Jakarta -
Kekerasan dalam hubungan percintaan nyata terjadi ya, Bun. Baru-baru ini yang menjadi sorotan adalah kekerasan fisik yang dialami Dylan Sada.
Dalam keterangan di postingan Instagram-nya, model yang kini tinggal di New York itu menuliskan pengalaman pedihnya disiksa oleh pasangan. Dylan Sada pun berharap tak ada perempuan lain lagi yang mengalami kejadian serupa dengan dirinya.
Beberapa kali saya juga mendapati cerita orang yang berani meningkatkan tahap hubungannya, dari pacaran ke level
pernikahan, meski saat pacaran si pasangannya ini kerap melakukan kekerasan, baik verbal maupun fisik. Sering kali ada harapan saat menikah, hal-hal yang buruk ini bisa berubah. Tapi apakah benar bisa begitu?

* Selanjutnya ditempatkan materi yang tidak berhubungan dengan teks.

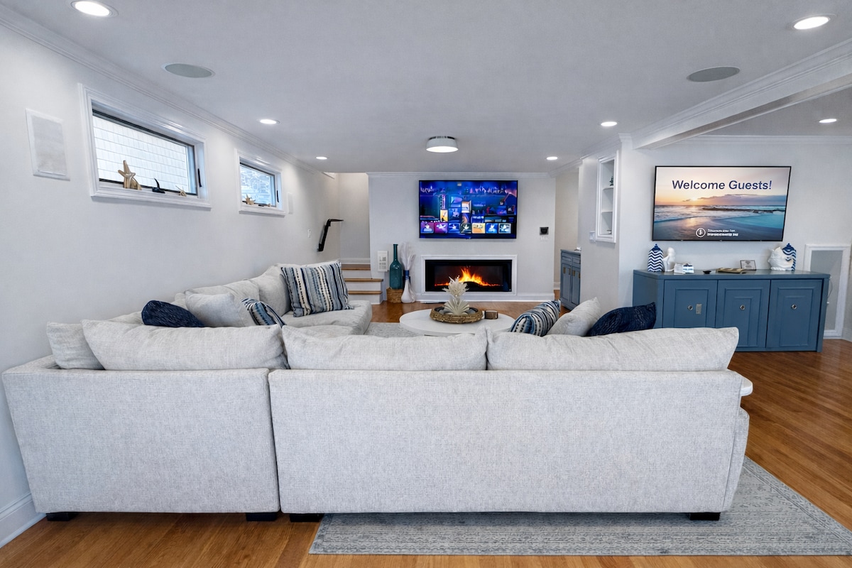 Aizbēdziet no šī greznā 4 guļamistabu, 2,5 vannu mājokļa okeāna krastā satriecošajā Longailendas šaurumā. Izbaudiet tiešu piekļuvi pludmalei, privātu burbuļvannu un pilnībā aprīkotu terasi ar gāzes grilu un ēdamistabu. No šīs atpūtas vietas, kas ir ideāli piemērota ģimenēm vai grupām, piedāvā elpu aizraujošus skatus, pilnu virtuvi, arkādes spēles un modernas papildērtības. Tas atrodas dažu minūšu attālumā no restorāniem un veikaliem un ir ideāli piemērots atpūtai vai piedzīvojumiem. Rezervējiet tūlīt, lai baudītu nevainojamu komforta un piekrastes šarma apvienojumu.

"Sifat pacar saat masih pacaran akan menetap meski sudah menikah. Artinya, lebih baik tidak berharap orang akan berubah. Jika sejak pacaran sudah melakukan kekerasan, kemungkinan besar akan berlanjut di
pernikahan" ujar psikolog klinis dewasa dari Psychological Service Centre and Laboratory Bina Nusantara University, Pingkan Rumondor.
Hmm, penjelasan Pingkan ini sesuai sih dengan curhatan Dylan Sada. "Saya adalah orang bodoh yang sedang jatuh cinta yang mengira bisa berubah. Saya terluka dan sangat patah hati, tapi saya berhasil menyembunyikan rasa sakit ini. Pelecehan verbal kepada saya adalah yang terburuk daripada pelecehan fisik, bekas luka dan memar hilang tapi rasa sakit di dalamnya berlangsung selamanya," tuturnya.
Nah, kekerasan fisik dan kekerasan lainnya baik psikologis maupun seksual dalam rumah tangga, kata Pingkan, bisa dilihat dari level individual, relasional, dan komunitas atau masyarakat. Dari level individual, ada faktor risiko orang menjadi pelaku kekerasan antara lain: menyaksikan orangtua melakukan kekerasan, pernah menjadi korban kekerasan di masa kecil, rendahnya level pendidikan juga sering kali berpengaruh, dan penyalahgunaan alkohol.
Ya, jika kekerasan menjadi 'norma' dalam keluarga atau lingkungan, maka nggak heran ya, Bun, kalau seseorang jadi gampang banget melakukan kekerasan dalam bentuk apapun. Soalnya bagi dia sudah dianggap biasa.
Sementara di level relasional, faktor risiko kekerasan dalam rumah tangga umumnya ada beberapa hal. Dituturkan Pingkan, setidaknya ada lima nih, Bun:
1. Konflik dalam hubungan
2. Ketidakpuasan dalam pernikahan
3. Ketidakseimbangan pendidikan, di mana salah satu memiliki pendidikan yang jauh lebih tinggi dari pasangannya, contohnya suami SD dan istri S1.
4. Tekanan ekonomi.
5. Ketidakseimbangan kekuasaan dalam hubungan.
Menurut Pingkan, ketidakseimbangan kekuasaan dalam hubungan inilah yang paling menonjol.
"Ketidakseimbangan kekuasaan dalam hubungan di mana salah satu pihak, biasanya laki-laki, dianggap lebih berkuasa, memegang keuangan, dan keputusan dalam keluarga," tambahnya.
Sedangkan di level komunitas atau masyarakat, sambung Pingkan, yang sering kali menyumbang kasus kekerasan dalam rumah tangga antara lain norma yang memandang gender secara tidak seimbang, misalnya dianggap wajar jika laki-laki lebih dominan. Selain itu kemiskinan dan penegakkan hukum yang kurang kuat.